• _DATA EXTRACT_:
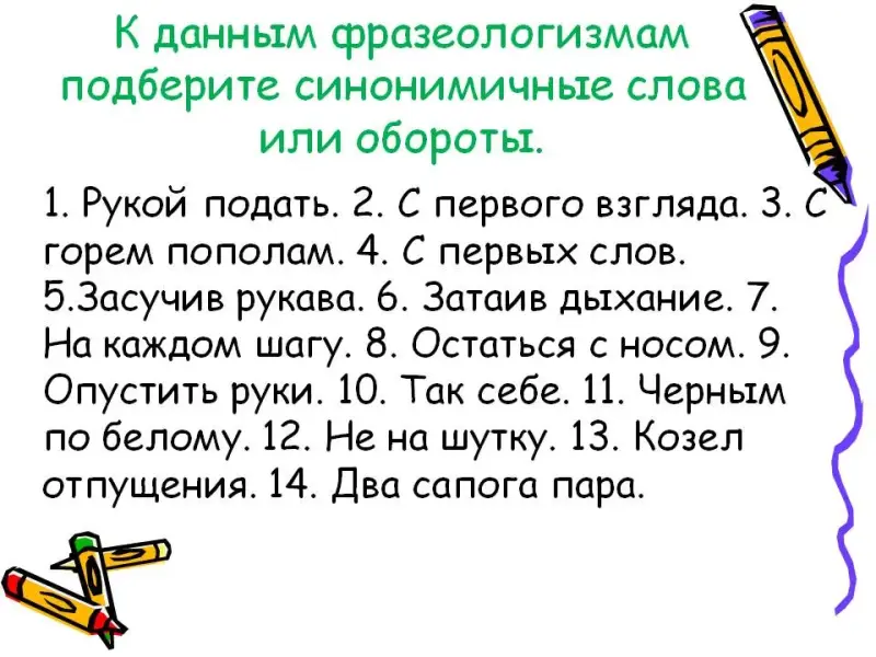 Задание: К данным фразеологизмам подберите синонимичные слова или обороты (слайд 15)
--
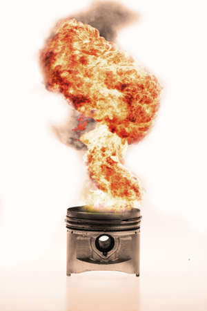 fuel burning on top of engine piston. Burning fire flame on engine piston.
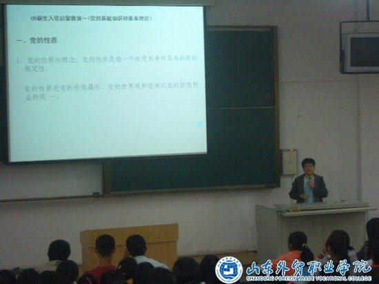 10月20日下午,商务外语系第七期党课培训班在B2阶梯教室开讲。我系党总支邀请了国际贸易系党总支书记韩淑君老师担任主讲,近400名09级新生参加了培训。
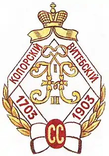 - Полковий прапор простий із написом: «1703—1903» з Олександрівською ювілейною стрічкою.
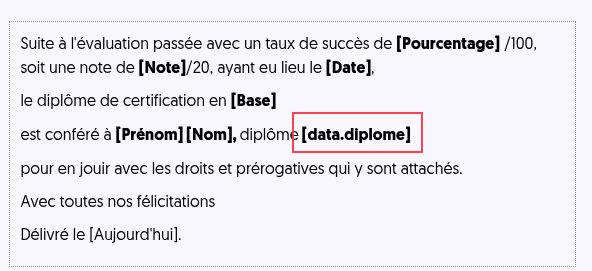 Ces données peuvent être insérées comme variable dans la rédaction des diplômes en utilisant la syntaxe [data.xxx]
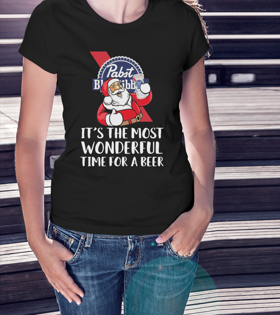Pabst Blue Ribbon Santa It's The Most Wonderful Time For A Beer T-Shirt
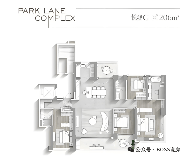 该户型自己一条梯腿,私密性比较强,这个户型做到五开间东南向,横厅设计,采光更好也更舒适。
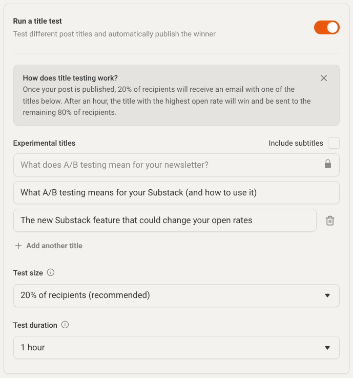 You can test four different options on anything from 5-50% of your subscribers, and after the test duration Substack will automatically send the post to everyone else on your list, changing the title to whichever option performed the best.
...
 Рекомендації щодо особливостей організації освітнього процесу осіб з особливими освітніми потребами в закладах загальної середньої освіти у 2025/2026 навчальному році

• _TASK TO CARRY OUT_: Among the entries above, copy exactly the stretch from the line holding "Ces données peuvent" through the line holding "You can test", leaving out any pictures.

• _REPLY_:
 Ces données peuvent être insérées comme variable dans la rédaction des diplômes en utilisant la syntaxe [data.xxx]
Pabst Blue Ribbon Santa It's The Most Wonderful Time For A Beer T-Shirt
 该户型自己一条梯腿,私密性比较强,这个户型做到五开间东南向,横厅设计,采光更好也更舒适。
 You can test four different options on anything from 5-50% of your subscribers, and after the test duration Substack will automatically send the post to everyone else on your list, changing the title to whichever option performed the best.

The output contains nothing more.